Prompt
Word for word, transcribe the data below from the line with "Bougeoire sur pied" to the line with "Pair of French", keeping both of those lines.
○ ○ ○ ○ ○
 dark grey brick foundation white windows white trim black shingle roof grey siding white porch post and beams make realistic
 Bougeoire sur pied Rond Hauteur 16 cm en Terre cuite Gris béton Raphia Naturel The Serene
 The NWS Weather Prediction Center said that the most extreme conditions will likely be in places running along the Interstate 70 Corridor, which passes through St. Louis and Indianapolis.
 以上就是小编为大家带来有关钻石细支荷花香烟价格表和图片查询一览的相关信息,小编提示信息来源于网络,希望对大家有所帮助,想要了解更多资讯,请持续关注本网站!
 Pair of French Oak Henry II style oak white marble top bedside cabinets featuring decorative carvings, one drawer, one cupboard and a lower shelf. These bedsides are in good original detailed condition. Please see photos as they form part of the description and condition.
○ ○ ○ ○ ○
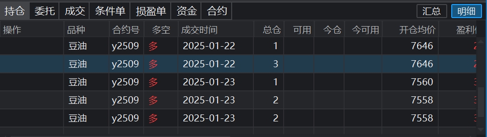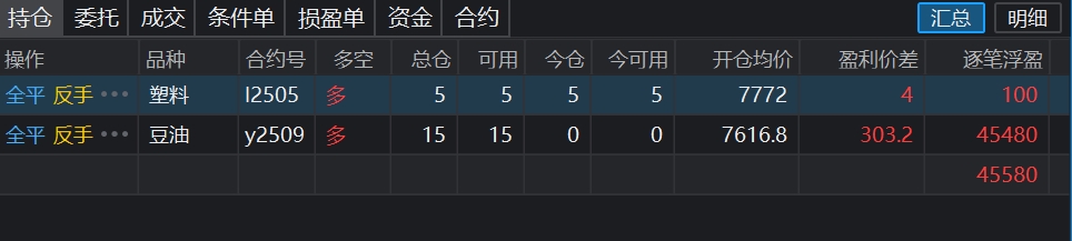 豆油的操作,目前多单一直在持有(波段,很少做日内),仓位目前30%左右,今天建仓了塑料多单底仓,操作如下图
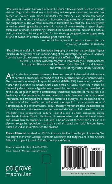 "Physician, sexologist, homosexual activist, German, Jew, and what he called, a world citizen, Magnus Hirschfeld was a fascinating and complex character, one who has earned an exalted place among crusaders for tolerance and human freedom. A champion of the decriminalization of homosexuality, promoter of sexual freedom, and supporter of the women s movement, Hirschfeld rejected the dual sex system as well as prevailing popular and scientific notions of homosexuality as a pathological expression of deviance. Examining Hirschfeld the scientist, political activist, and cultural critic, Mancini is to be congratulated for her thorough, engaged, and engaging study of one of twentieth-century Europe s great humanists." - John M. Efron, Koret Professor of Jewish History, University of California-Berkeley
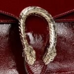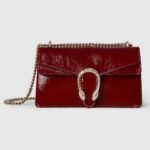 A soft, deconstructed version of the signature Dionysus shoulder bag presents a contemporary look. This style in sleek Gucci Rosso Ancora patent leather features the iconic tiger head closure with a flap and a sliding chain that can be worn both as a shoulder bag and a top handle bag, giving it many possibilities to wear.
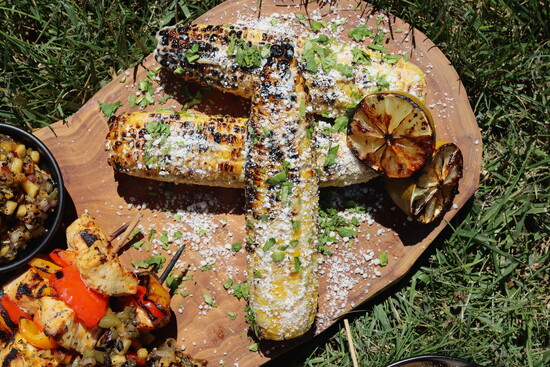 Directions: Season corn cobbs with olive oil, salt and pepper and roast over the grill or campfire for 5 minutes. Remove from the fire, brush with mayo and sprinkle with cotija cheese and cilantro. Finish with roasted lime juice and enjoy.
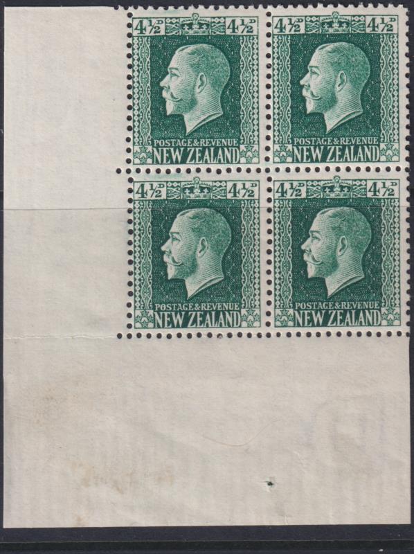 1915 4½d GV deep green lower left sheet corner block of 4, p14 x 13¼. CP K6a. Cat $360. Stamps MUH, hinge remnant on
○ ○ ○ ○ ○
Result below
 Bougeoire sur pied Rond Hauteur 16 cm en Terre cuite Gris béton Raphia Naturel The Serene
 The NWS Weather Prediction Center said that the most extreme conditions will likely be in places running along the Interstate 70 Corridor, which passes through St. Louis and Indianapolis.
 以上就是小编为大家带来有关钻石细支荷花香烟价格表和图片查询一览的相关信息,小编提示信息来源于网络,希望对大家有所帮助,想要了解更多资讯,请持续关注本网站!
 Pair of French Oak Henry II style oak white marble top bedside cabinets featuring decorative carvings, one drawer, one cupboard and a lower shelf. These bedsides are in good original detailed condition. Please see photos as they form part of the description and condition.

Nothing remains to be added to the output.